Since it is exclusively produced in tubular cells, uromodulin may have a specific biomarker value for kidney function. The factors associated with uromodulin excretion were analyzed in the SKIPOGH and CoLaus cohorts [50]. In both studies, positive associations were found between uromodulin and urinary sodium, chloride, and potassium excretion and osmolality. In SKIPOGH, 24-h uromodulin excretion was positively associated with kidney length and volume and with creatinine excretion and urine volume. It was negatively associated with age and diabetes. Both spot uromodulin concentration and 24-h uromodulin excretion were linearly and positively associated (multivariate analyses) with eGFR<90 ml/min per 1.73 m2. Age, creatinine excretion, diabetes, and urinary volume are independent clinical correlates of urinary uromodulin excretion. The associations of uromodulin excretion with markers of tubular functions and kidney dimensions suggest that it may reflect the distal tubular transport activity (e.g., reabsorption of NaCl and/or divalent cations) in the general population [50].

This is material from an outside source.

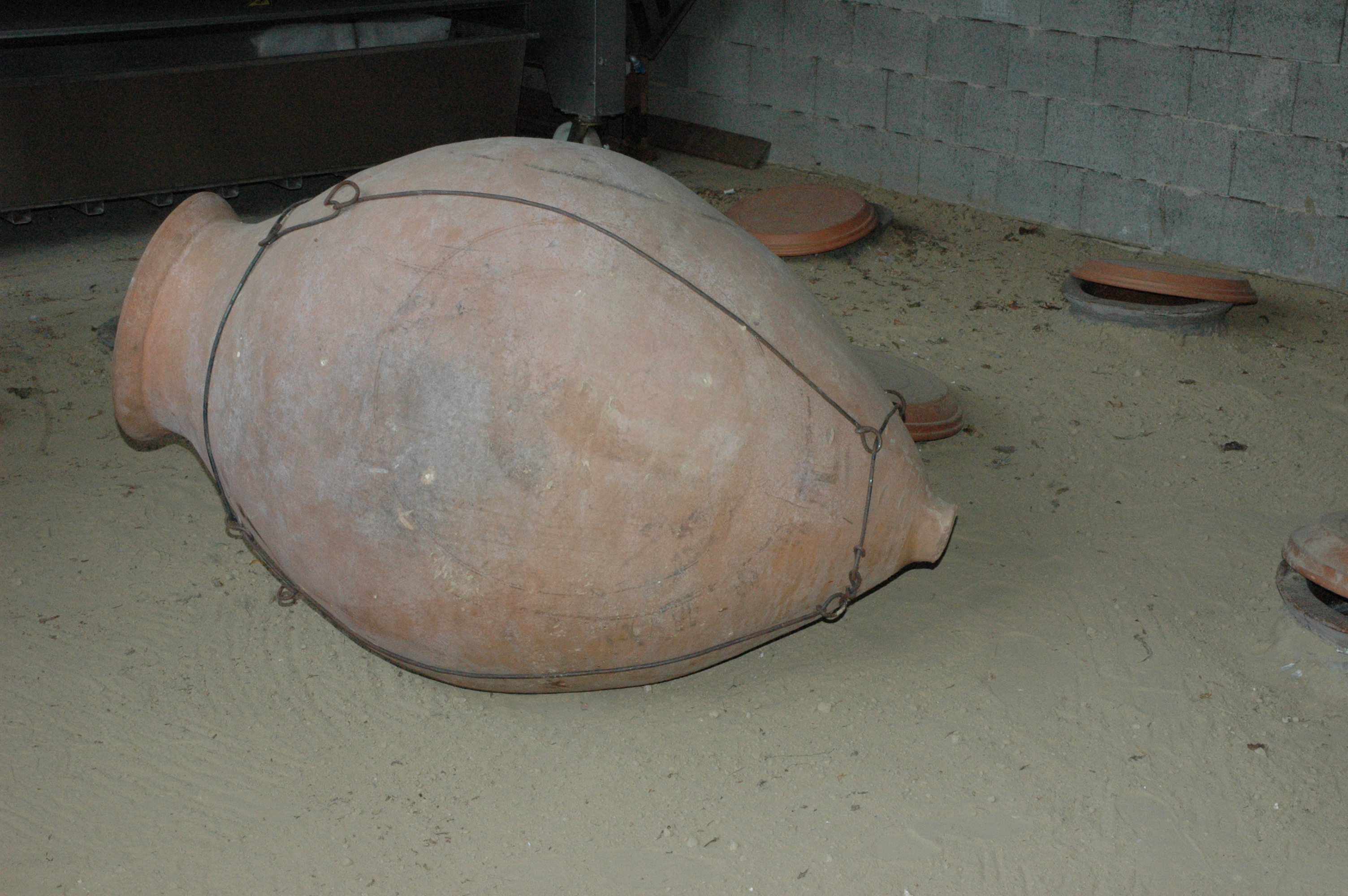 Im Vordergrund eine leere und im Hintergrund mehrere im Boden eingegrabene Tonamphoren (Quevri) zur Herstellung von Amphorenwein.
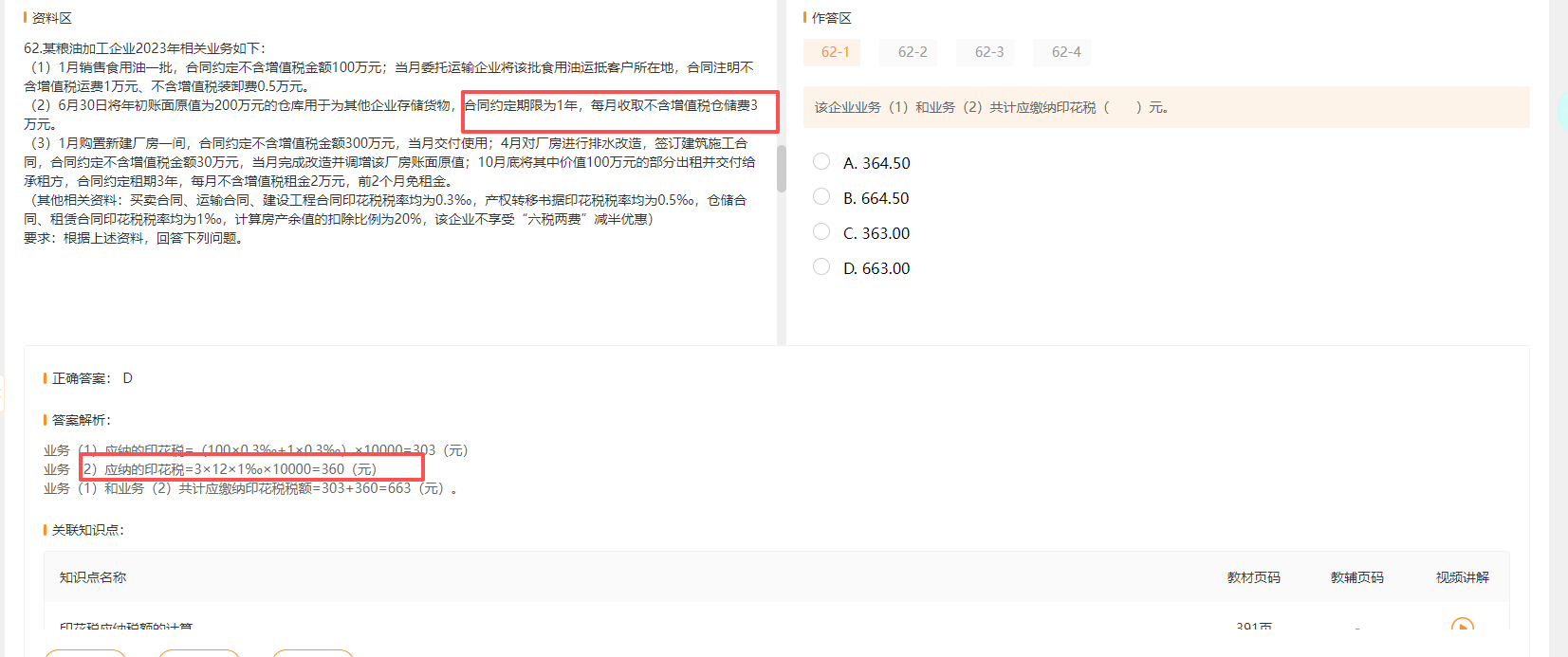 本題中合同約定期限為1年,每月收取倉(cāng)儲(chǔ)費(fèi)3萬(wàn)元,合計(jì)12個(gè)月,應(yīng)按全年12個(gè)月的總金額計(jì)稅。

Further analyses in the SKIPOGH cohort evidenced that, in multiple linear regression analysis, 24-h urine uromodulin excretion was associated with the same predictors of nephron mass as identified by Denic et al. [9]. Age, female sex, and uric acid were negative predictors whereas height and birth weight were positive predictors of 24-h urine uromodulin excretion [45]. These data substantiate the measurement of urinary uromodulin levels as a useful surrogate marker for nephron mass. As such, higher uromodulin levels may indicate a higher functional reserve of the kidney with a lower risk of acute kidney injury (AKI): the more uromodulin you have, the higher functional reserve you have in case of post-operative AKI for instance [11, 53]. This situation should not be confused with the results of the GWAS studies indicating that the risk variants at the UMOD locus, which drive higher production of uromodulin reflected by higher levels in urine and blood, are consistently associated with an increased risk of CKD.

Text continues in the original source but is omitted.